WHAT TO WORK ON →
In the entries below, find the line with "без 12 ключей." and the line with "- Facial Mask"; copy them and every line between them exactly, but not the pictures.

DATA RECORDS →
---*---
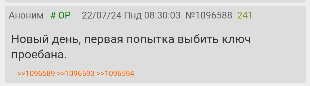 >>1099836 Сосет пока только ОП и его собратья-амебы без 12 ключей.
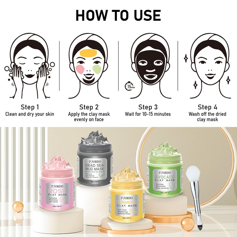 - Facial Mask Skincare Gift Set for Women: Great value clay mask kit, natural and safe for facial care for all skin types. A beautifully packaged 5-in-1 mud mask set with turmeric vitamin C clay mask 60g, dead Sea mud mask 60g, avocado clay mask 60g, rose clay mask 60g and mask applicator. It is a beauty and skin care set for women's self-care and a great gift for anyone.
---*---
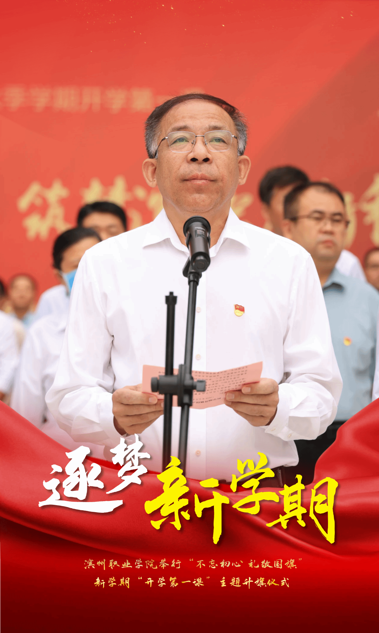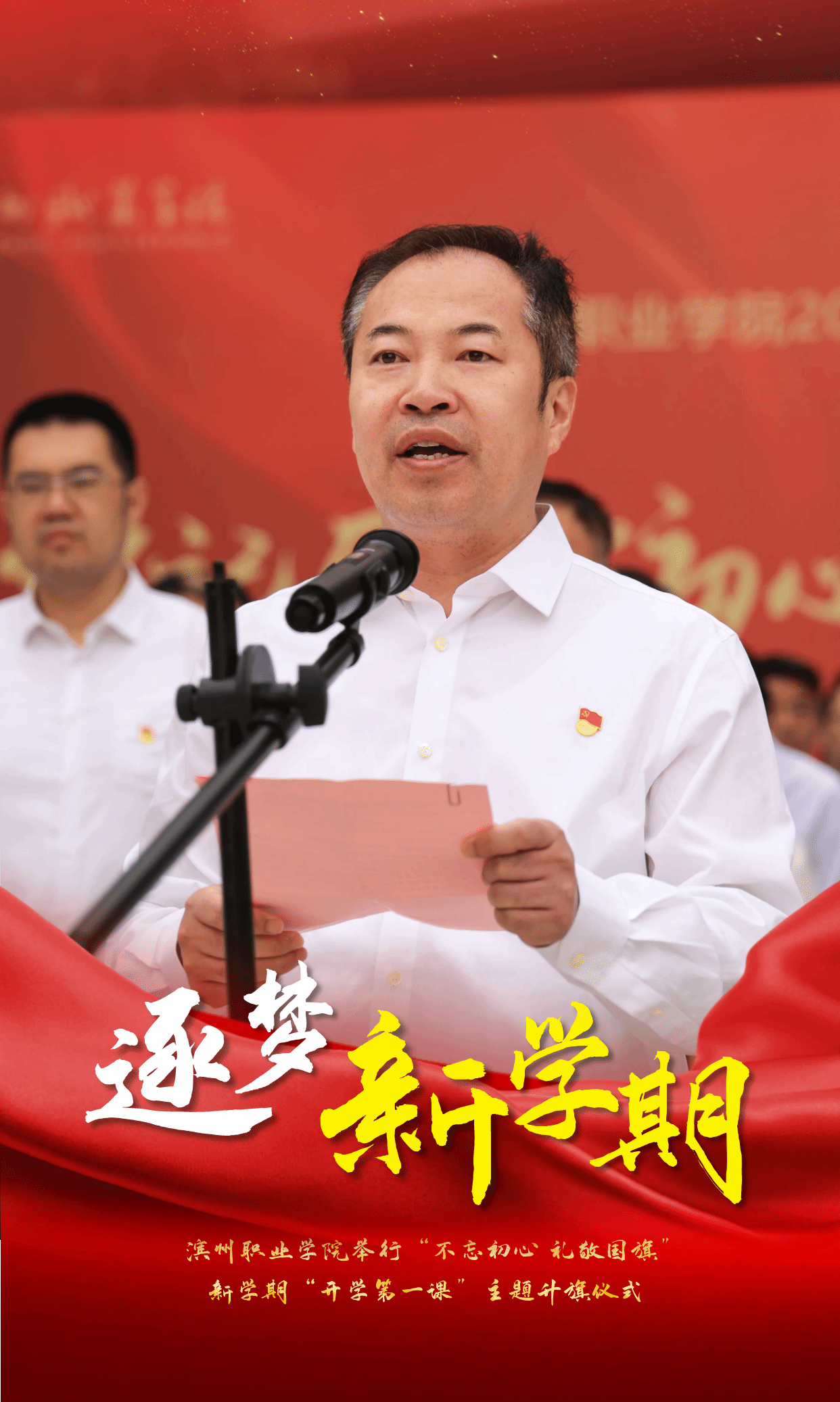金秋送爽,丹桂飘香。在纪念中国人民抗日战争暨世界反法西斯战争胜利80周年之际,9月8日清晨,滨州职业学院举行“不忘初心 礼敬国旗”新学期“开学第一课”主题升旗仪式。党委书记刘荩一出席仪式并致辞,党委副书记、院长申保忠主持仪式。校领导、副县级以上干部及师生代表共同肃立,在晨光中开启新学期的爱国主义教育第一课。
---*---
EXERCISE OUTPUT →
 >>1099836 Сосет пока только ОП и его собратья-амебы без 12 ключей.
 - Facial Mask Skincare Gift Set for Women: Great value clay mask kit, natural and safe for facial care for all skin types. A beautifully packaged 5-in-1 mud mask set with turmeric vitamin C clay mask 60g, dead Sea mud mask 60g, avocado clay mask 60g, rose clay mask 60g and mask applicator. It is a beauty and skin care set for women's self-care and a great gift for anyone.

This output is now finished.